If you want to run the conversion locally then ImageMagick (requires FFMPEG) is one solution, although I have had issues with corruption in the output. A decent online convertor is EZGif but there are others.
Currently the maximum number of frames is officially 81, although there are plenty of reports of people using higher numbers, whether this works reliably or not is in question.
I have primarily tested i2v (image to video) so far but there also workflows for t2v (text to video) and flf2v (first to last frame video) which I have yet to experiment with. The flf2v flow is particularly interesting as it gives far more control on where the video finishes allowing for better potential of stitching together.
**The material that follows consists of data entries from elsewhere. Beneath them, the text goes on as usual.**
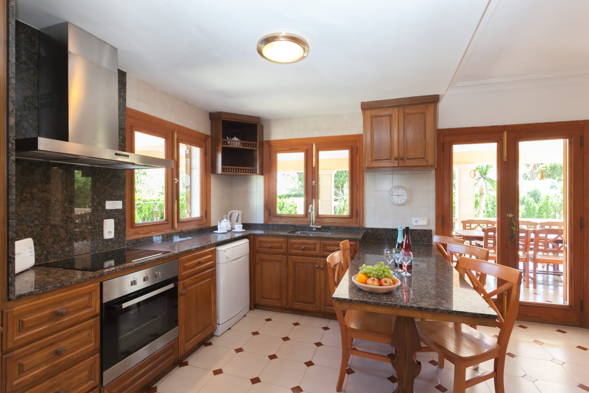 La cuina independent, de gas, està equipada amb microones, rentaplats i cafetera.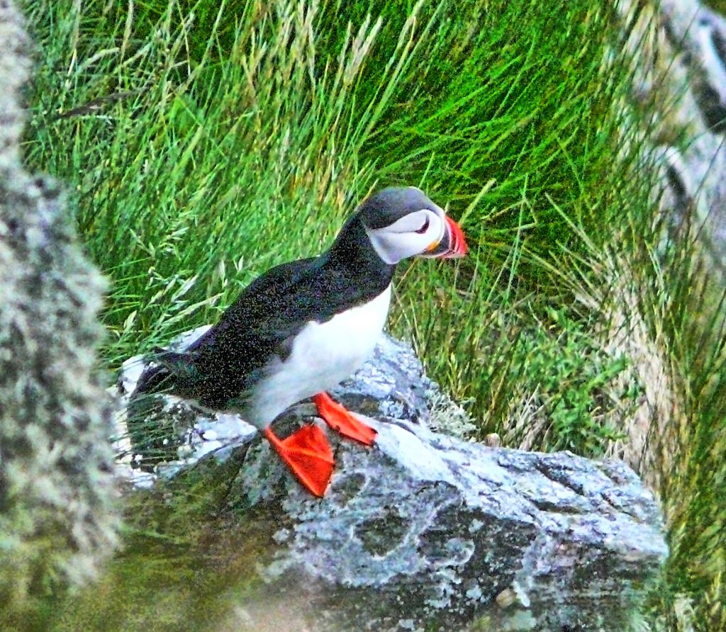 Nach also kurzweiliger Fahrt kommen wir so gegen 20 Uhr an, bekommen an der Campingplatzrezeption erst mal eine höfliche Aufforderung, dass wir uns doch bitte alsbald auf den Weg machen sollten zu den Vogelfelsen. Dort wäre um diese Zeit der Papageitaucher unterwegs ist.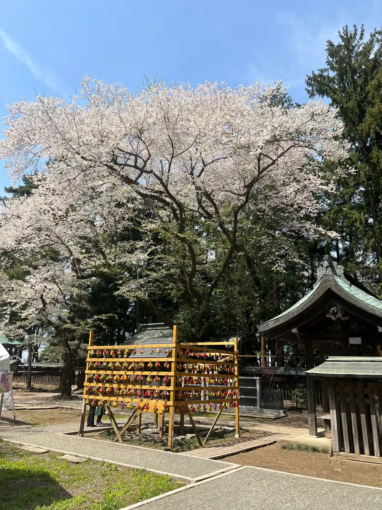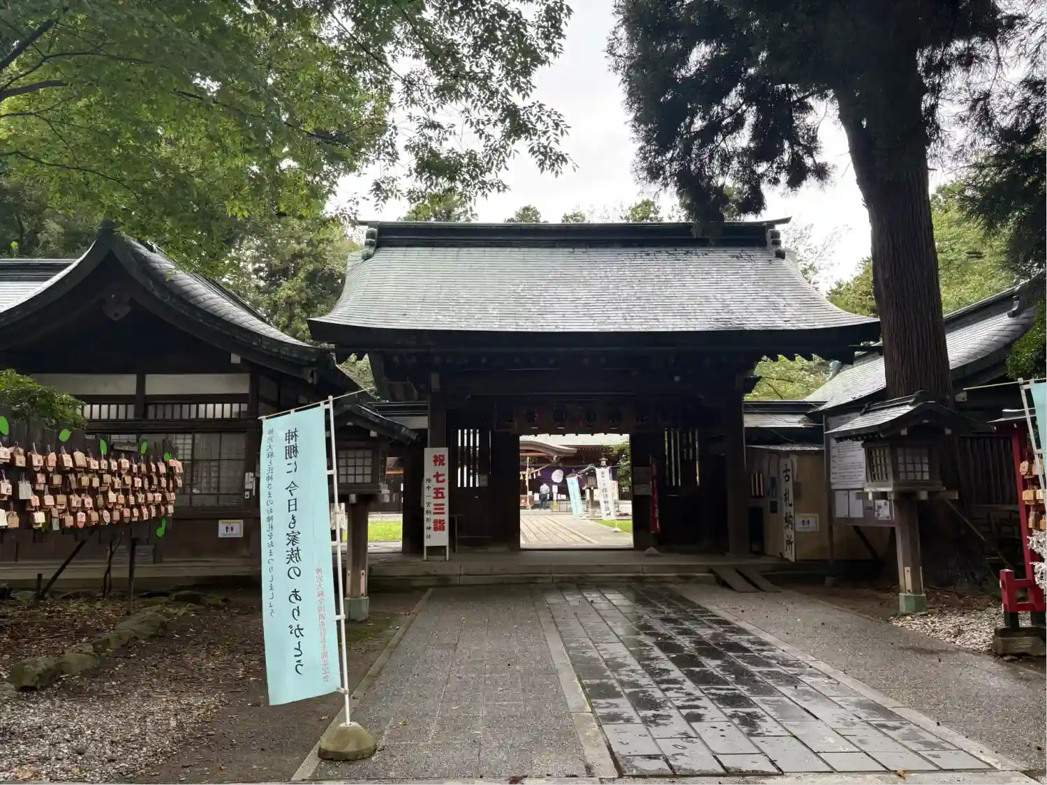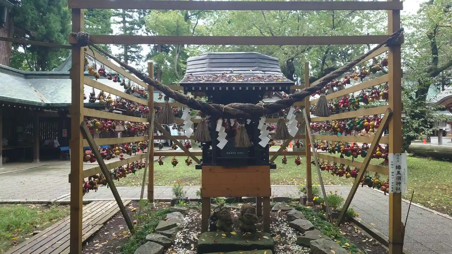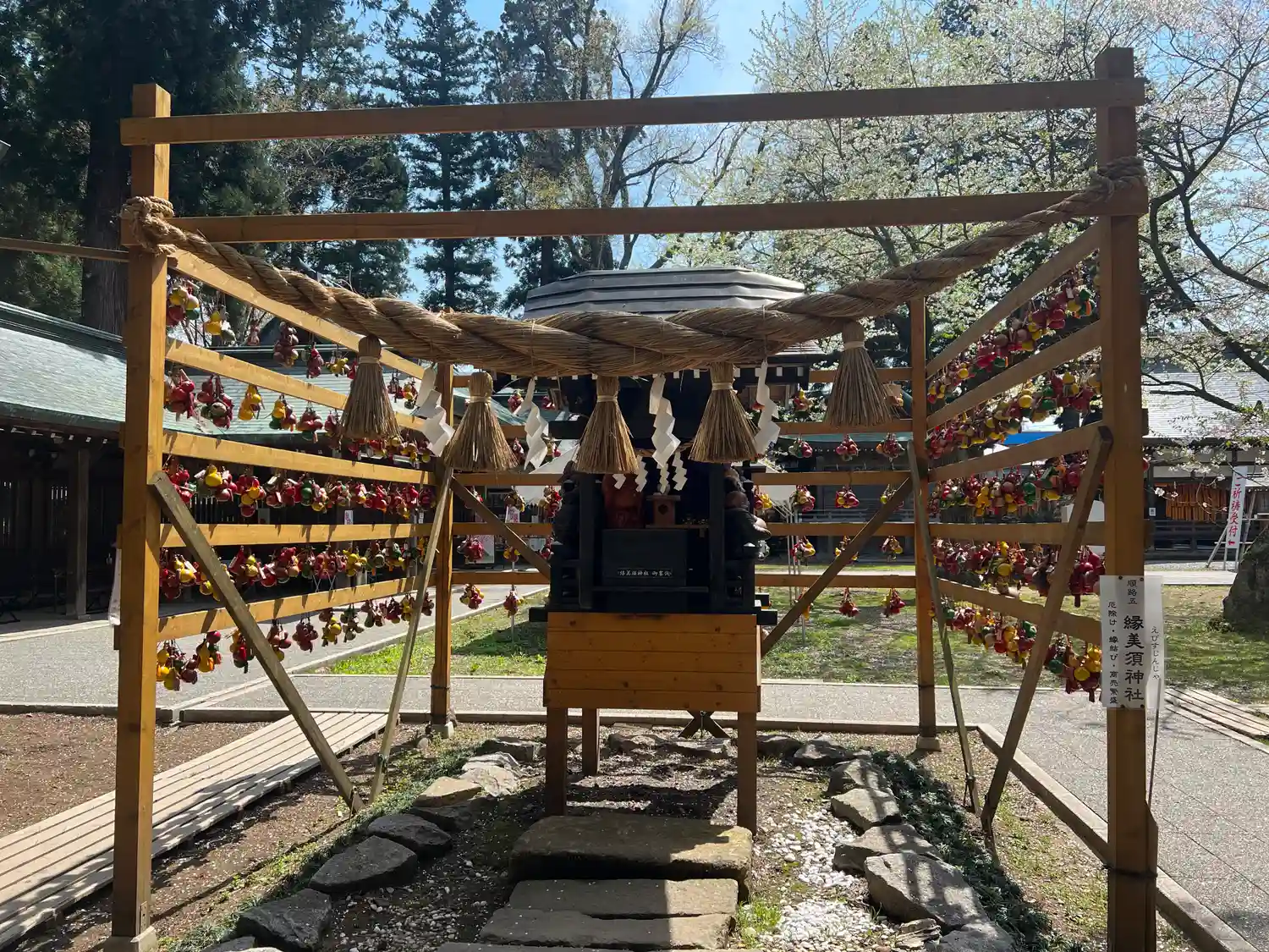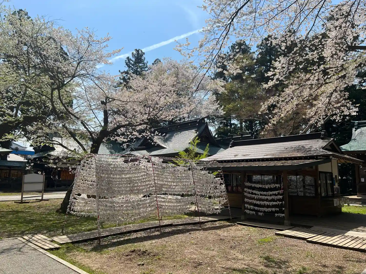 水沢招魂社の右前にある臨時授与所と御御籤掛け。

The video below is two separate generations stitched together using the same initial source image with different prompts.
This second video shows some impressive detail and quality but the motion, particularly of the jaws, is not quite right.
This video was generated in a 4:3 ratio (720 x 960) and took 40 seconds per step.
And finally an exploding robot just for fun - would pass for a video game animation.
It might be early days for diffusion model video generation but with such an exciting start and the speed of development it is definitely going to disrupt current approaches.
What an amazing world you live in. This is terrific stuff, thx for sharing 🙏🏼